• Supplied material
┌──

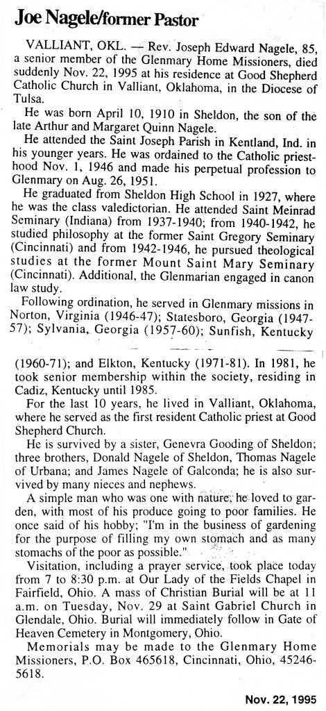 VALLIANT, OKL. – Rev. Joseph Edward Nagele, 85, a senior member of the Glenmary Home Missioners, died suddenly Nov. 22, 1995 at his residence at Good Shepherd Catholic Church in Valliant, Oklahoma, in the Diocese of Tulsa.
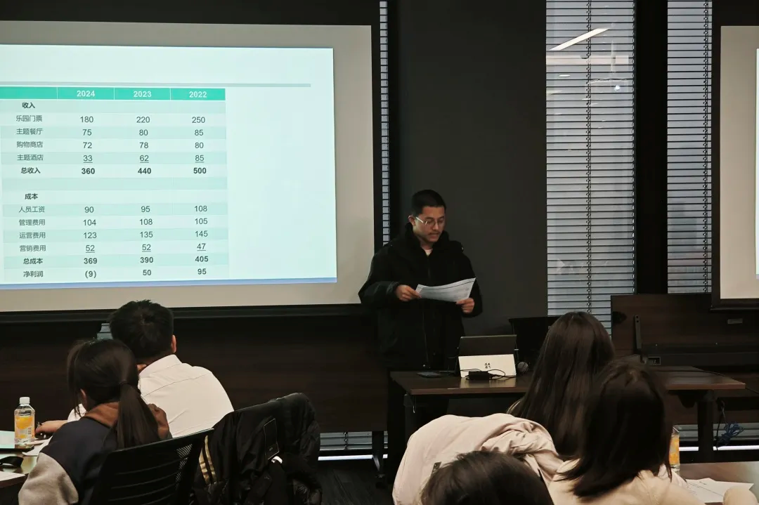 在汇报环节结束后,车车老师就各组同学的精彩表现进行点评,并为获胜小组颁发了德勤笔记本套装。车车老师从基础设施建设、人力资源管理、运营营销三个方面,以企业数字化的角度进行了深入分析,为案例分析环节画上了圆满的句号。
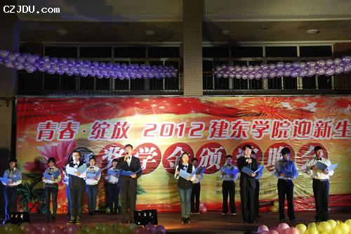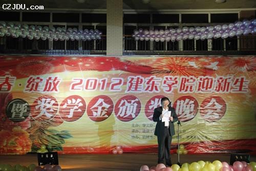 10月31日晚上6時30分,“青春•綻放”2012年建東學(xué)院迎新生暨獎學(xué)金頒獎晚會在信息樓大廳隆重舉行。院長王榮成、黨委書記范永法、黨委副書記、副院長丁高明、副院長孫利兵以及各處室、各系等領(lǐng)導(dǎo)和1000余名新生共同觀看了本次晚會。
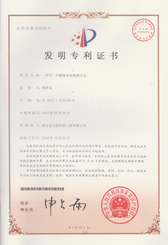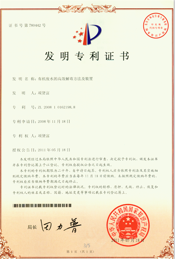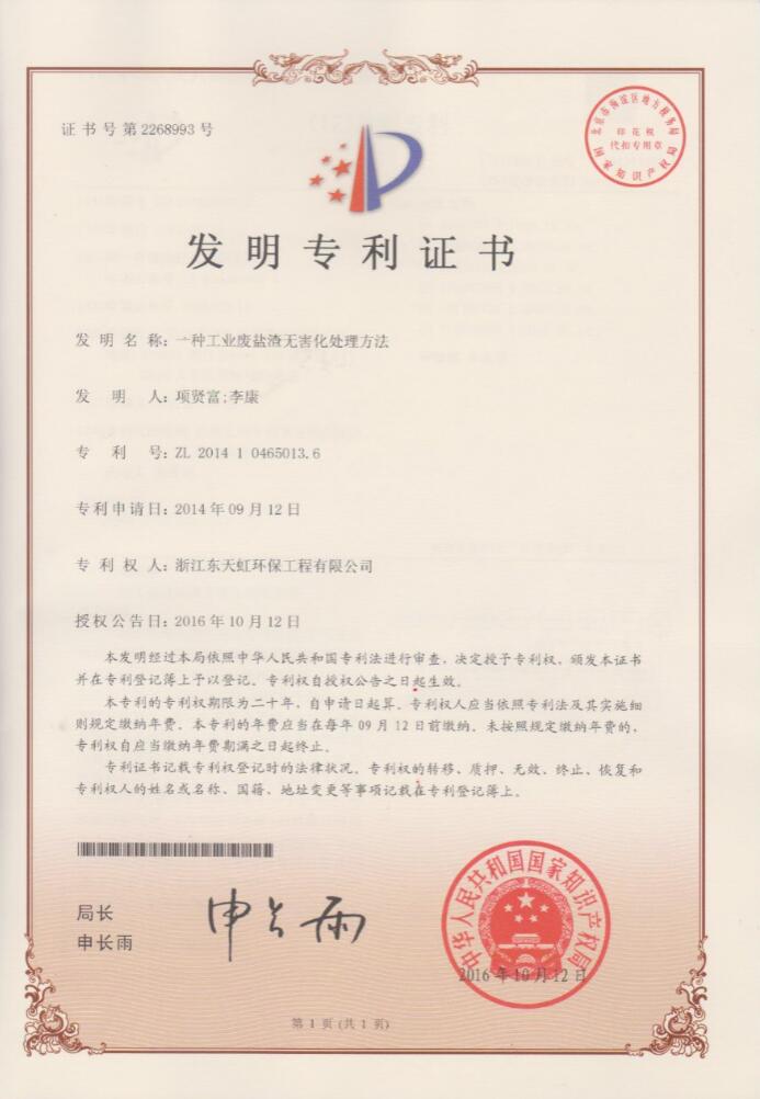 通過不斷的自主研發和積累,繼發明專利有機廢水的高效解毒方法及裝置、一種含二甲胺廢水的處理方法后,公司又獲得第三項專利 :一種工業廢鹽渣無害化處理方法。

└──

• Goal of the exercise
Output the material word for word, omitting its pictures.

• Answer section
 VALLIANT, OKL. – Rev. Joseph Edward Nagele, 85, a senior member of the Glenmary Home Missioners, died suddenly Nov. 22, 1995 at his residence at Good Shepherd Catholic Church in Valliant, Oklahoma, in the Diocese of Tulsa.
 在汇报环节结束后,车车老师就各组同学的精彩表现进行点评,并为获胜小组颁发了德勤笔记本套装。车车老师从基础设施建设、人力资源管理、运营营销三个方面,以企业数字化的角度进行了深入分析,为案例分析环节画上了圆满的句号。
 10月31日晚上6時30分,“青春•綻放”2012年建東學(xué)院迎新生暨獎學(xué)金頒獎晚會在信息樓大廳隆重舉行。院長王榮成、黨委書記范永法、黨委副書記、副院長丁高明、副院長孫利兵以及各處室、各系等領(lǐng)導(dǎo)和1000余名新生共同觀看了本次晚會。
 通過不斷的自主研發和積累,繼發明專利有機廢水的高效解毒方法及裝置、一種含二甲胺廢水的處理方法后,公司又獲得第三項專利 :一種工業廢鹽渣無害化處理方法。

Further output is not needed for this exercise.